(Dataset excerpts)

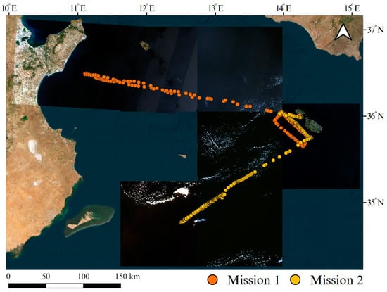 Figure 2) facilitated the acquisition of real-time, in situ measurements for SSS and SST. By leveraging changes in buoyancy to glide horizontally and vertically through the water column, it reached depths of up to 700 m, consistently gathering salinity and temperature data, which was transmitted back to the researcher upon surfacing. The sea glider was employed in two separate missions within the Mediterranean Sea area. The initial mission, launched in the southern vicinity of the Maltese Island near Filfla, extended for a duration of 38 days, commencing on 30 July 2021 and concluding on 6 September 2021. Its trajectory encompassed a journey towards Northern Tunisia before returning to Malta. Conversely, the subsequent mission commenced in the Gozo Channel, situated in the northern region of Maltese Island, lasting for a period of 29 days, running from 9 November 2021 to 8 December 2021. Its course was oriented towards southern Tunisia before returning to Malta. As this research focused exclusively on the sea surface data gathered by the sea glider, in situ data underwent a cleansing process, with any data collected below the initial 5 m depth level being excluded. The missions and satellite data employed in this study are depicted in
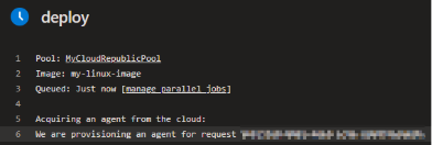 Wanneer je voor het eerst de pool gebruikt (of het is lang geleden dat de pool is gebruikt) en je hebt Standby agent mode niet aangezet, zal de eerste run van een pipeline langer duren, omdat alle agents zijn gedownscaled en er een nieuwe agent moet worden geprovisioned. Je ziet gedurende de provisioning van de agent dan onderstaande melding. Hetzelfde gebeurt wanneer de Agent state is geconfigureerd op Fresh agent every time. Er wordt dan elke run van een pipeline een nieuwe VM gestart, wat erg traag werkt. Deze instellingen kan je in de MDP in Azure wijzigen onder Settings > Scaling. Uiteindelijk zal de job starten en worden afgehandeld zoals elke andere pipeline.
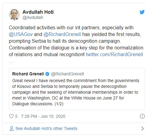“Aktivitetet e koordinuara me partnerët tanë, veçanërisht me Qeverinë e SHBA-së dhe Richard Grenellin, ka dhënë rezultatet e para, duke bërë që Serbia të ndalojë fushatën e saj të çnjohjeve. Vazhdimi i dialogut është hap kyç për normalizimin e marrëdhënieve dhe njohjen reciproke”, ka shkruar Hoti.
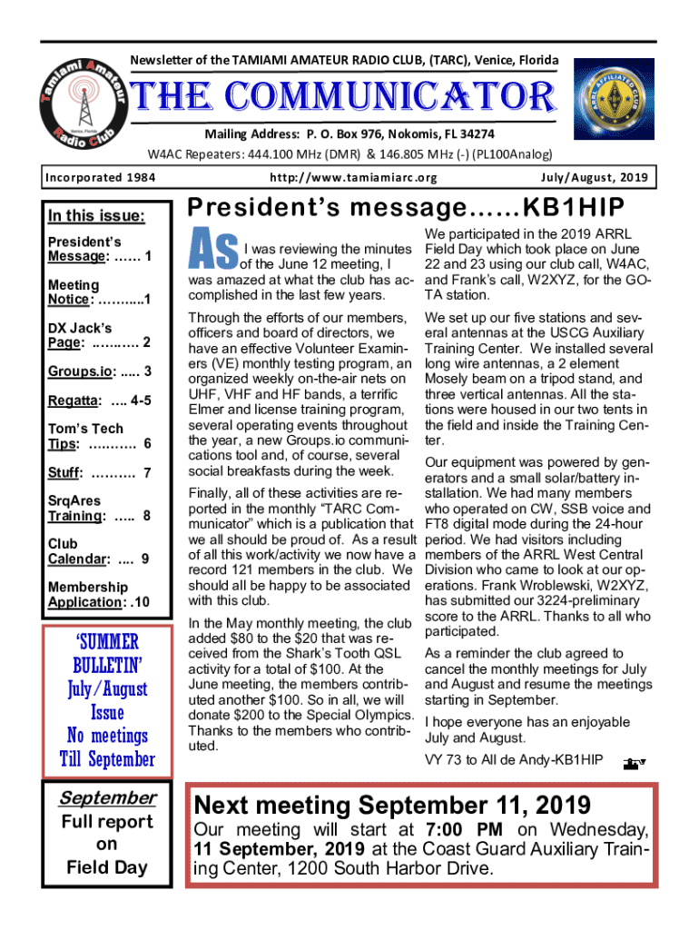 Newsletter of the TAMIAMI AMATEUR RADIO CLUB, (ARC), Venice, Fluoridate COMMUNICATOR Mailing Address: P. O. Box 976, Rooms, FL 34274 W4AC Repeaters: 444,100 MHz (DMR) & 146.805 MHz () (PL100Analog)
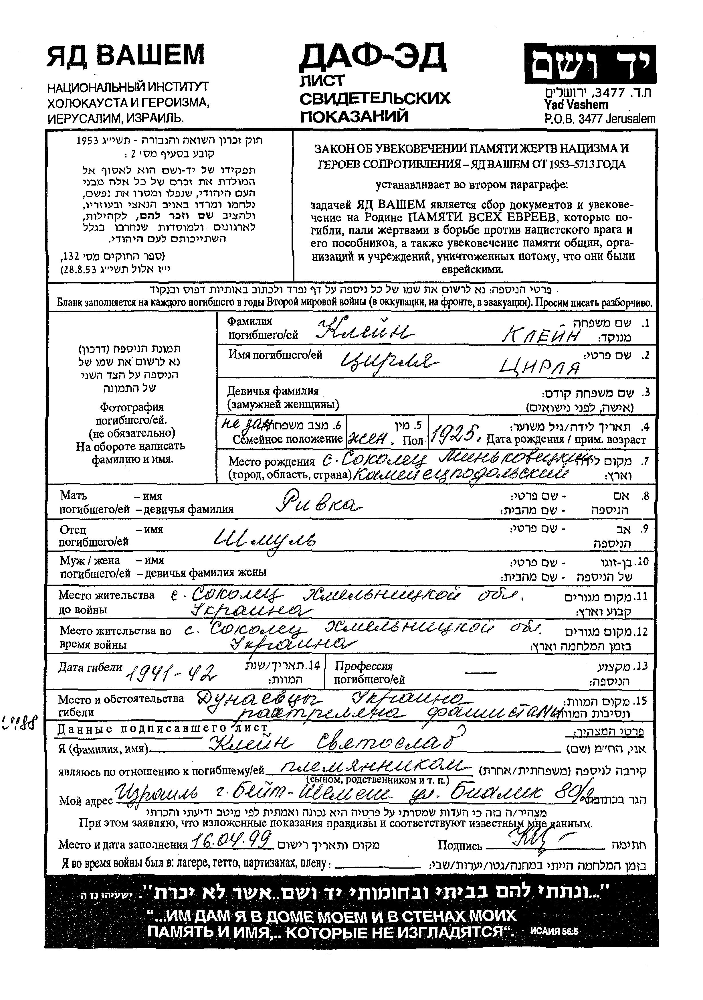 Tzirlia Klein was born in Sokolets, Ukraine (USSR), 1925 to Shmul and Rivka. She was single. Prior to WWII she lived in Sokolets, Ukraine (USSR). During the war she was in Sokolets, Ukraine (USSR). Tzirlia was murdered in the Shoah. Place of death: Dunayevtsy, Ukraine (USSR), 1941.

Task |
Repeat the records in full, precisely, and keep the pictures out.

Answer to the exercise |
 Figure 2) facilitated the acquisition of real-time, in situ measurements for SSS and SST. By leveraging changes in buoyancy to glide horizontally and vertically through the water column, it reached depths of up to 700 m, consistently gathering salinity and temperature data, which was transmitted back to the researcher upon surfacing. The sea glider was employed in two separate missions within the Mediterranean Sea area. The initial mission, launched in the southern vicinity of the Maltese Island near Filfla, extended for a duration of 38 days, commencing on 30 July 2021 and concluding on 6 September 2021. Its trajectory encompassed a journey towards Northern Tunisia before returning to Malta. Conversely, the subsequent mission commenced in the Gozo Channel, situated in the northern region of Maltese Island, lasting for a period of 29 days, running from 9 November 2021 to 8 December 2021. Its course was oriented towards southern Tunisia before returning to Malta. As this research focused exclusively on the sea surface data gathered by the sea glider, in situ data underwent a cleansing process, with any data collected below the initial 5 m depth level being excluded. The missions and satellite data employed in this study are depicted in
 Wanneer je voor het eerst de pool gebruikt (of het is lang geleden dat de pool is gebruikt) en je hebt Standby agent mode niet aangezet, zal de eerste run van een pipeline langer duren, omdat alle agents zijn gedownscaled en er een nieuwe agent moet worden geprovisioned. Je ziet gedurende de provisioning van de agent dan onderstaande melding. Hetzelfde gebeurt wanneer de Agent state is geconfigureerd op Fresh agent every time. Er wordt dan elke run van een pipeline een nieuwe VM gestart, wat erg traag werkt. Deze instellingen kan je in de MDP in Azure wijzigen onder Settings > Scaling. Uiteindelijk zal de job starten en worden afgehandeld zoals elke andere pipeline.
“Aktivitetet e koordinuara me partnerët tanë, veçanërisht me Qeverinë e SHBA-së dhe Richard Grenellin, ka dhënë rezultatet e para, duke bërë që Serbia të ndalojë fushatën e saj të çnjohjeve. Vazhdimi i dialogut është hap kyç për normalizimin e marrëdhënieve dhe njohjen reciproke”, ka shkruar Hoti.
 Newsletter of the TAMIAMI AMATEUR RADIO CLUB, (ARC), Venice, Fluoridate COMMUNICATOR Mailing Address: P. O. Box 976, Rooms, FL 34274 W4AC Repeaters: 444,100 MHz (DMR) & 146.805 MHz () (PL100Analog)
 Tzirlia Klein was born in Sokolets, Ukraine (USSR), 1925 to Shmul and Rivka. She was single. Prior to WWII she lived in Sokolets, Ukraine (USSR). During the war she was in Sokolets, Ukraine (USSR). Tzirlia was murdered in the Shoah. Place of death: Dunayevtsy, Ukraine (USSR), 1941.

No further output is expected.